**RECORDS SUPPLIED**
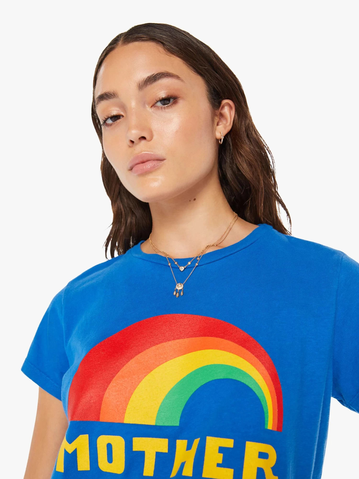 Follow the rainbow. A soft crewneck with a slim fit for a vintage look and feel. Made from a recycled-cotton blend in blue, the tee features a rainbow graphic and MOTHER’s name in yellow on the front.
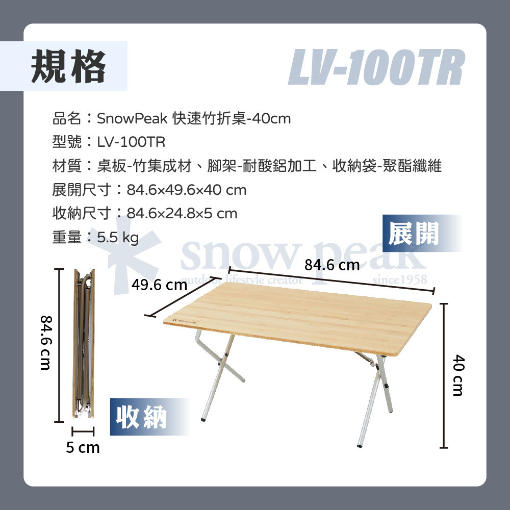 品名:SnowPeak 快速竹折桌-40cm
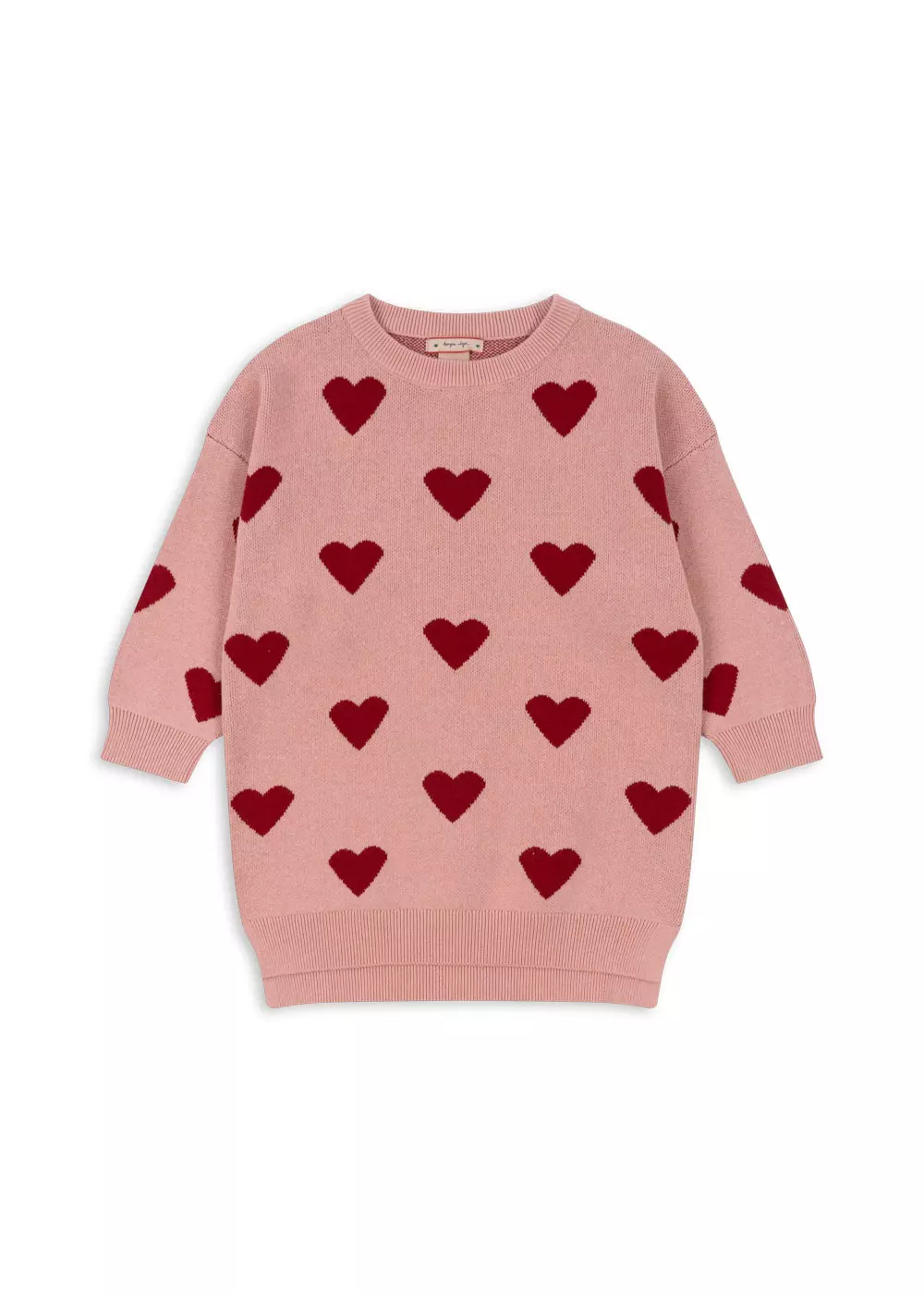 Zainwestuj w KONGES SLOJD Dzianinową Sukienkę LAPIS w Serca – wybór świadomych mam, które szukają stylowych i ekologicznych rozwiązań dla swoich maluchów!
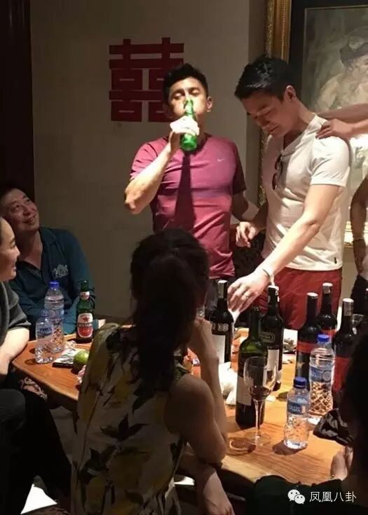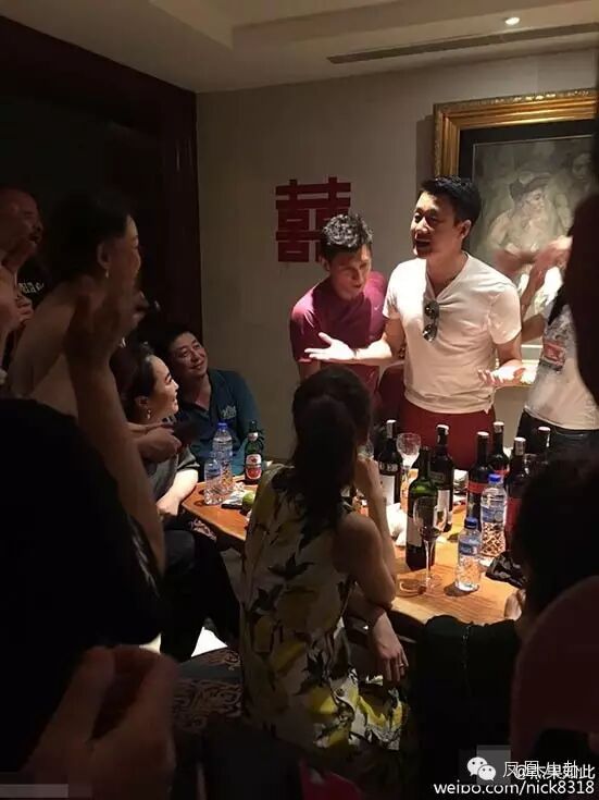 今天,两人大婚当日婚宴后的聚会照片曝光了,一众好友在一起,就像平时朋友聚会喝酒一样。吴奇隆还好豪气地表演“吹喇叭”喝酒,跪在地下送礼物给老婆刘诗诗,场面相当搞笑。
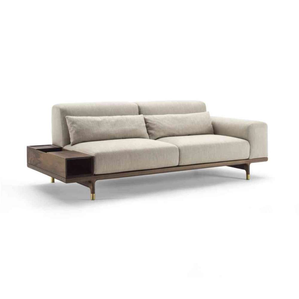 Modułowa sofa z ramą z litego orzecha canaletta i nóżkami ze szczotkowanego mosiądzu. Pokrycie w tkaninach z kolekcji zdejmuje się zdejmując siedziska za pomocą dołączonego kluczyka. Pokrycie ze skóry nieusuwalne. Siedziska leżą na grubej elastycznej sklejce pokrytej technicznym aksamitem, z otworami zwiększającymi przepływ powietrza. Siedziska tapicerowane są wysokoelastyczną, odporną na zgniatanie pianką poliuretanową o różnej gęstości. Górna część z pianki Memory Foam, pokryta wyściółką w połączeniu z bawełną i aksamitną tkaniną. Konstrukcja podłokietników i oparcia wykonana jest ze sklejki topolowej i brzozowej, tapicerowana odporną na zgniatanie pianką poliuretanową o różnych gęstościach i pokryta białą wyściółką w połączeniu z tkaniną bawełnianą i welurową. Opcjonalne poduszki oparciowe (szer. 60/80/105 cm) wypełnione są kanalizowanym gęsim pierzem (złota metka certyfikowana przez Assopiuma) i pokryte nieprzepuszczającą pierza tkaniną bawełnianą. Podstawy, dostępne w pięciu różnych rozmiarach (szerokość 170/195/220/245/270 cm), można łączyć, tworząc wiele kompozycji i pomieścić siedzenia, pojemniki (szerokość 25 cm) z orzecha canaletta z dwoma przesuwanymi blatami, jednym w drewnie i jeden w dymionym szkle oraz stoliki kawowe (szer. cm. 25/50/110) z marmurowymi blatami. Cena marmurowych stolików kawowych i drewnianych pojemników, jeśli jest wliczona w cenę apartamentu, musi zostać doliczona do ceny całego objętego apartamentu.
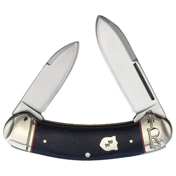 All the knives in the Rough Ryder Faded Blue Jeans Series feature 440A stainless steel blades with nail nick pulls and a smooth satin finish. The handles are Faded Denim blue Micarta with nickel silver pins, orange underliners, embossed nickel silver bolsters, and a nickel silver badge-shaped Rough Ryder shield. This Rough Ryder Bow Canoe has a 2.25" spear point and 1.75" pen blade. It's 3.5" closed and weighs 3.5oz.

**WORK INSTRUCTION**
Your answer must be the exact lines of the records from the first one through the line containing "今天,两人大婚当日婚宴后的聚", with no pictures in it.

**TASK OUTPUT**
 Follow the rainbow. A soft crewneck with a slim fit for a vintage look and feel. Made from a recycled-cotton blend in blue, the tee features a rainbow graphic and MOTHER’s name in yellow on the front.
 品名:SnowPeak 快速竹折桌-40cm
 Zainwestuj w KONGES SLOJD Dzianinową Sukienkę LAPIS w Serca – wybór świadomych mam, które szukają stylowych i ekologicznych rozwiązań dla swoich maluchów!
 今天,两人大婚当日婚宴后的聚会照片曝光了,一众好友在一起,就像平时朋友聚会喝酒一样。吴奇隆还好豪气地表演“吹喇叭”喝酒,跪在地下送礼物给老婆刘诗诗,场面相当搞笑。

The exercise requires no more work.